**What you need to do**. Restate the data word for word and leave the images out.

**Data excerpt**.
--- START ---
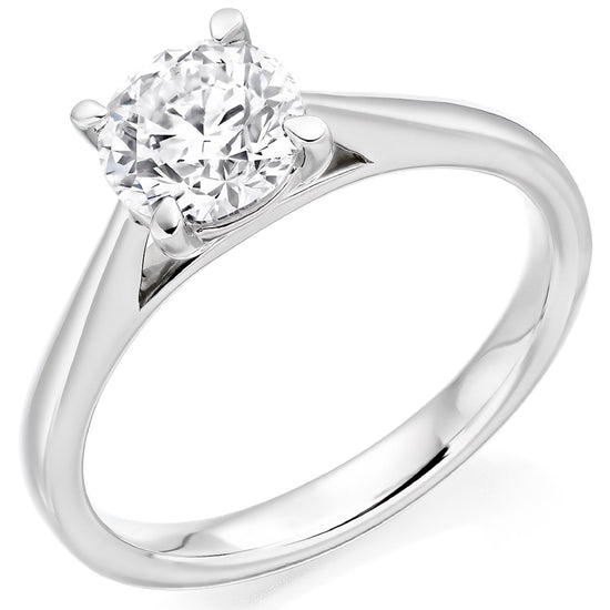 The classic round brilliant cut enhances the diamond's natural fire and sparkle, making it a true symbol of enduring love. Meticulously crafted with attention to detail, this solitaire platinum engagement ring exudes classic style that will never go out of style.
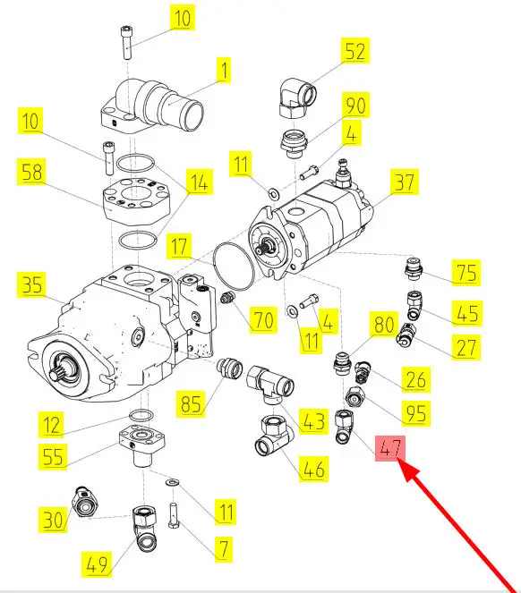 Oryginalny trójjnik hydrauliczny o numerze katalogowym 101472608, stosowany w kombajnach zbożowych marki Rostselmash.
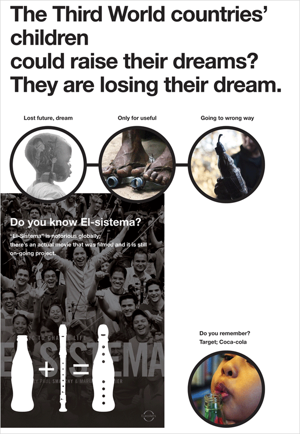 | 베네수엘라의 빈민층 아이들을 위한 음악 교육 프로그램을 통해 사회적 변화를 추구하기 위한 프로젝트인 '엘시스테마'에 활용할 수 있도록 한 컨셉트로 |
--- END ---
**Response**.
 The classic round brilliant cut enhances the diamond's natural fire and sparkle, making it a true symbol of enduring love. Meticulously crafted with attention to detail, this solitaire platinum engagement ring exudes classic style that will never go out of style.
 Oryginalny trójjnik hydrauliczny o numerze katalogowym 101472608, stosowany w kombajnach zbożowych marki Rostselmash.
 | 베네수엘라의 빈민층 아이들을 위한 음악 교육 프로그램을 통해 사회적 변화를 추구하기 위한 프로젝트인 '엘시스테마'에 활용할 수 있도록 한 컨셉트로 |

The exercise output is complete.